Madame Le Peih, vous m'interrogez sur Mme Adelkhah et M. Marchal, nos deux ressortissants détenus en Iran. Nous avons alerté les plus hautes autorités sur le caractère inacceptable de leur détention et nous appelons à la libération sans délai de nos deux compatriotes. Le Président de la République lui-même a appelé le président Rohani pour lui faire part de notre irritation et lui faire savoir que c'était un élément de très fortes perturbations dans nos relations. Nous souhaitons la libération le plus rapidement possible de nos deux compatriotes.

Monsieur Lejeune, Takuba est un ensemble de forces spéciales qui seront liées à l'opération Barkhane. Il trouvera sa place dans une des décisions importantes qui a été prise avant-hier et que nous souhaitions depuis longtemps : un commandement commun entre l'opération Barkhane et la force conjointe du G5 Sahel pour permettre une plus grande rapidité de décisions et une plus grande synergie, en particulier une plus grande réactivité pour agir en cas d'alerte. Plusieurs pays européens ont annoncé leur participation : les Tchèques, les Danois, les Portugais et les Belges. Cette démarche très positive en cours d'instauration complétera le tournant qui a été pris avant-hier soir. Je le redis ici, notre conversation ayant été quelque peu focalisée sur l'Iran, il est indispensable que ce tournant soit opéré le mieux possible, parce que c'est crucial pour la présence de la France et sa sécurité. Nous serons pleinement mobilisés pour que ce soit efficace.

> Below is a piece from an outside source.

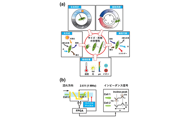 近年、地球温暖化対策を産業によって解決するべく、植物や微生物が行う光合成で二酸化炭素を活用し有用物質をつくる研究が進んでいます。なかでも多糖類を効率よく産生するユーグレナは、健康食品、化粧品、バイオプラスチック、バイオ燃料の原料や、二酸化炭素の処理などで有望視されていますが、より産業で活用するには、より生産性の高いユーグレナ株の選別がその一助となります。効率よく光合成を行うには、光を有効に使う必要がありますが、それにはユーグレナの大きさや、細い・太いといった形状が重要なファクターです。ユーグレナの形状は、ユーグレナ自体の持つ生体時計、代謝、細胞周期、培養環境と密接に関係します(図1(a))。このため、ユーグレナの形状をいかに高速かつ大量、正確に識別できるかが、より生産性の高いユーグレナを得るための重要課題になります。これまで、顕微鏡下での光散乱を用いて画像を取得するなどの光学的な手法で個々のユーグレナの形状を識別していましたが、低コスト化や処理能力の改善、小型化、自動化による培養槽組込みなどが研究において望まれていました。今回開発したシステムは、マイクロ流体デバイスを用いて、連続的に複数のユーグレナの形状を瞬時に判断します。本システムでは電気的に測定を行うため、顕微鏡のような光学的装置は必要ありません。このシステムでは、流路チャネル内に特殊な構造のマルチ電極を配置し(図1(b))、マルチ電極上をユーグレナが横切る時の信号の持続時間、振幅、波形から、ユーグレナの形状を高速で連続して識別できるようになりました。時間あたりの処理能力としては、毎秒1,000細胞の高速で識別することができます。さらに、ユーグレナ以外の藻類や微生物の形状判断に応用可能なことと、小型で、かつ連続して形状を識別することができるデバイスの特徴を生かし、フィールドで使用できる可搬可能なシステム構築や、培養槽での藻類の常時モニタリングへの応用が可能となり、急速に高まっている藻類産業(スマートセル産業)への展開が期待されます。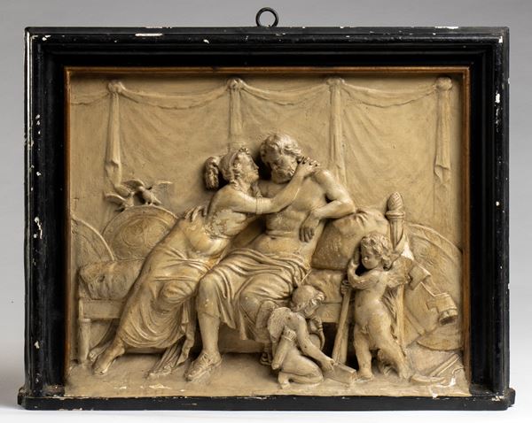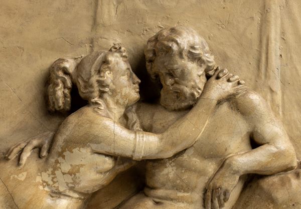 Coppia di bassorilievi italiani in gesso con scene mitologiche, XX secolo

Monsieur Mbaye, vous m'interrogez sur la MINUSMA. J'ai évoqué la stratégie des quatre piliers dans laquelle peuvent s'inscrire tous les partenaires. Les Nations unies seront directement concernées par trois piliers au moins – leur mandat ne comporte pas de mission antiterroriste. Le mandat actuel de la force de la MINUSMA nous paraît suffisamment robuste, s'il est réellement mis en oeuvre, pour contribuer à stabiliser le pays. Les blocages au Conseil de sécurité sur le chapitre VII de la Charte ne proviennent ni de la Chine ni de la Russie, mais des États-Unis d'Amérique. Nous essayons de les convaincre de rester présents dans cette bataille contre le terrorisme, parce que nous sommes confrontés à une véritable internationale de la terreur. Il faut combattre le terrorisme au Sahel mais aussi en Libye et en Irak. Je pense que nous réussirons à les convaincre de demeurer dans le dispositif.

Monsieur Dupont-Aignan, s'agissant de la Libye, l'embargo sur les armes doit être respecté. Nous avons fait inscrire cela dans le relevé de décisions qui devrait intervenir dimanche à Berlin comme un engagement de l'ensemble des parties. Mais il est bien évident que l'accord entre le gouvernement d'entente nationale libyen, décidé à la suite d'une résolution des Nations unies, et le gouvernement turc contredit l'embargo. Il y a donc là une contradiction importante qui, je l'espère, sera levée lors de la réunion de Berlin.